2022 USFL championship game
- 2022 USFL championship game logo
- Date: July 3, 2022
- Kickoff time: 7:30 p.m. EDT (UTC-4)
- Stadium: Tom Benson Hall of Fame Stadium Canton, Ohio
- MVP: Victor Bolden Jr., Birmingham
- Favorite: Birmingham by 4.5
- Referee: Alex Moore
- Attendance: 20,000

TV in the United States
- Network: Fox
- Announcers: Curt Menefee (play-by-play), Joel Klatt (analyst), and Brock Huard (sideline reporter)
- Nielsen ratings: 0.9 (1.52 million viewers)

= 2022 USFL championship game =

2022 United States Football League championship game

The 2022 USFL championship game was an American football game which was played on July 3, 2022, at Tom Benson Hall of Fame Stadium in Canton, Ohio.

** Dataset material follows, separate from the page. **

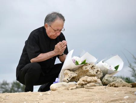 沖縄県名護市辺野古沖での転覆事故の現場を臨む「瀬嵩の浜」で手を合わせる玉城デニー知事=21日午後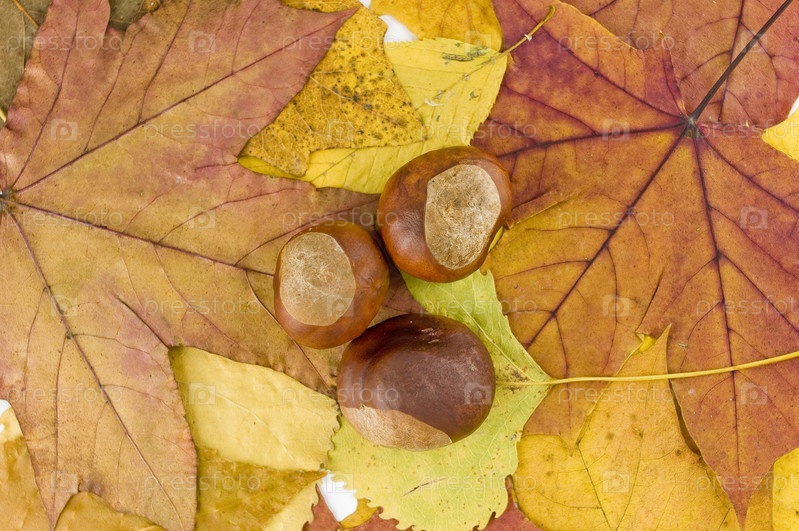 Три орешка на ярких осенних листьях

The contest, which determined the champion of the United States Football League (USFL), featured the winners of the playoff semifinal games: the Philadelphia Stars from the North Division and the Birmingham Stallions from the South Division. It was the inaugural USFL championship game and the final game of the 2022 USFL season. The game began at 7:30 p.m. EDT and was broadcast on Fox. Prize money was awarded to players on the winning team in the amount of $10,000 in addition to their salary.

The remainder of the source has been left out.